About this exercise:
Transcribe the listing verbatim, please, with images dropped.

Exercise data:
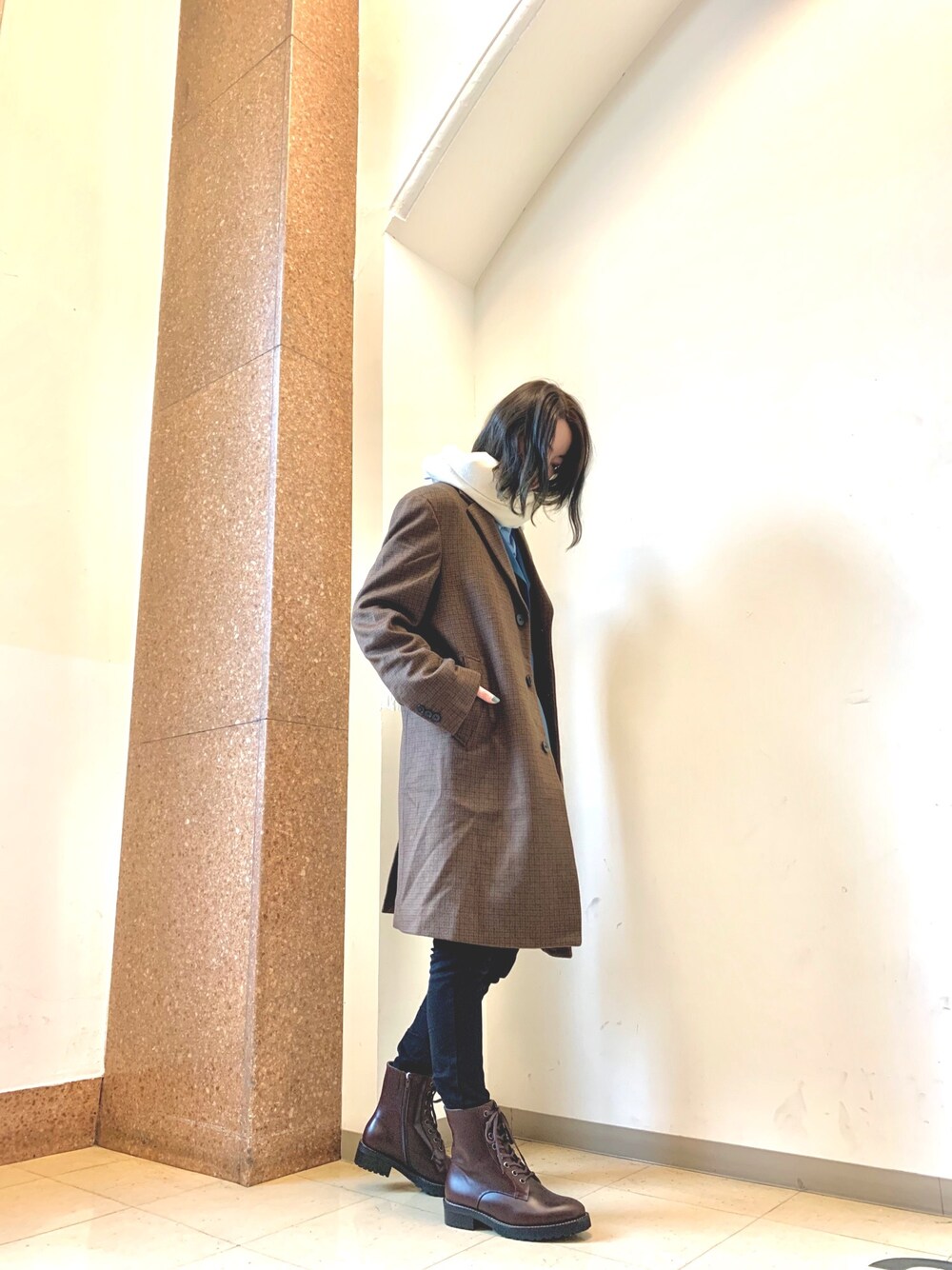 HIMIKO/レースアップブーツ/601415/ノウチャ コーデに重圧感の増す秋冬にピッタリの編み上げブーツ🥾 牛革ならではの風合いがあり、履き込むほどに味が出る一足です👌 光沢感があり、光の加減で表情が変わります✨ 今回は、コートと色味を合わせてカッコ良くまとめてみました❣️ いつもいいね👍フォルダ登録ありがとうございます😊
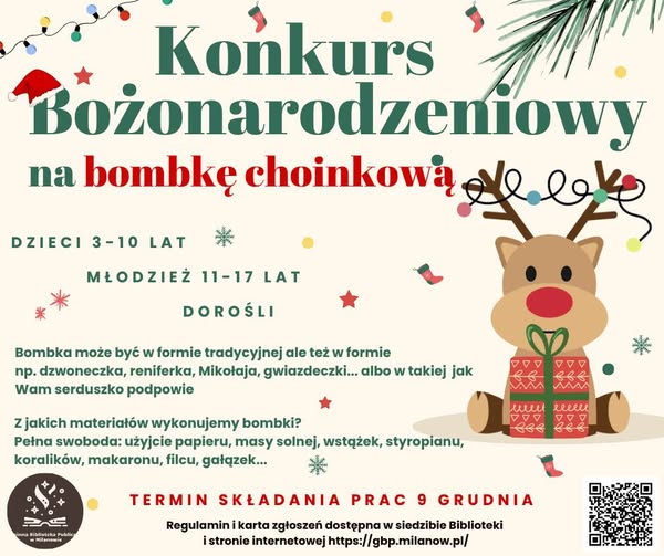 Gminna Biblioteka Publiczna w Milanowie ma dwie propozycje w postaci konkursu bożonarodzeniowego i recytatorskiego.
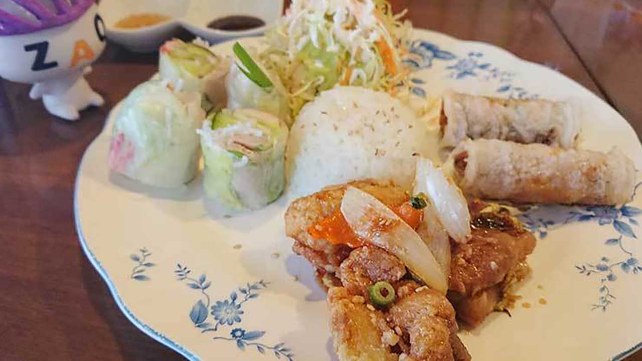 生春巻き、揚げ春巻き、鶏の唐揚げ。

Finished exercise:
 HIMIKO/レースアップブーツ/601415/ノウチャ コーデに重圧感の増す秋冬にピッタリの編み上げブーツ🥾 牛革ならではの風合いがあり、履き込むほどに味が出る一足です👌 光沢感があり、光の加減で表情が変わります✨ 今回は、コートと色味を合わせてカッコ良くまとめてみました❣️ いつもいいね👍フォルダ登録ありがとうございます😊
 Gminna Biblioteka Publiczna w Milanowie ma dwie propozycje w postaci konkursu bożonarodzeniowego i recytatorskiego.
 生春巻き、揚げ春巻き、鶏の唐揚げ。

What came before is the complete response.